While the writers seem to be a little coy about using that term, contextually it’s fairly obvious.
Here’s the problem though, speaking in tongues isn’t a language and whether people realise it or not, they’re fairly obviously making it up.
The part that I find particularly interesting is that while the babbling is void of informational content or organisation it can induce – in some – a trance-like state and different congregations develop different ‘dialects’ where they mimic each other’s babble.
Anyway, moving on…
The section Deciphering Jesus of course, presumes Jesus’ existence which – as a provisional mythicist – I’m going to need evidence for.

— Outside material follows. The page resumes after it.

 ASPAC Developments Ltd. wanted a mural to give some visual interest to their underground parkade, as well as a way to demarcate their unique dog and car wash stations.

Nor do I care about the Trinity, because again – I’m yet to be given any reason to believe in a god.
And that’s the end of the book.
Did it present any evidence for anything?
Did it convince me to give up my wicked ways and no longer be an atheist?

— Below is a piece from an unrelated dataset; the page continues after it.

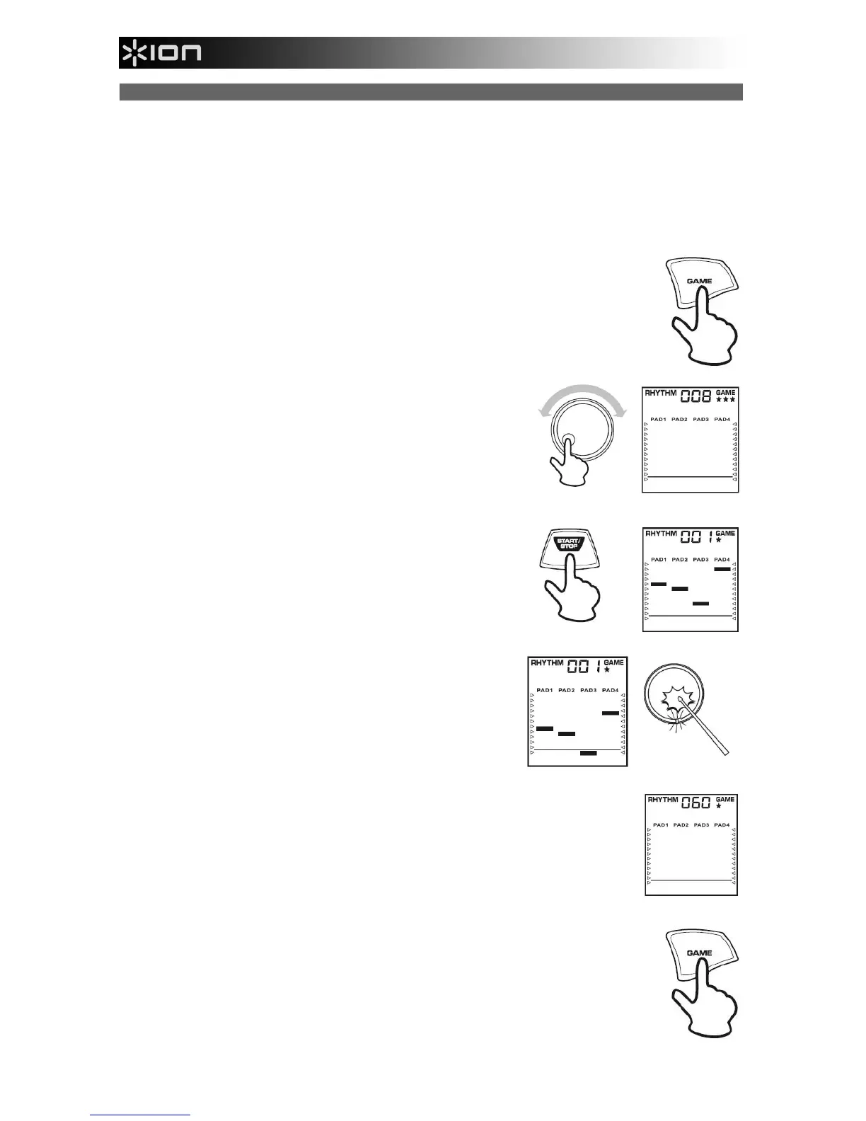 3. Druk op START / STOP om met het spel te beginnen. Kijk naar

The constant references to the Bible do nothing for me as a non-believer because I don’t believe its claims and, as a sceptic, I recognise that you can’t use a claim to prove itself. Ultimately this book is just another, different interpretation and – if the authors are very ‘lucky’ – the emergence of yet another sect or grouping calling themselves non-denominational.
All I can really welcome from it is that this is another shuffling step towards defeat of religion by reason since it stands against YEC. That’s not really enough to be happy about though.
I was told there would be empirical evidence for god and Jesus and the claims – supposedly – thereof and as usual I cam away disappointed.
If the authors wish to continue the dialogue on this blog I invite them to do so.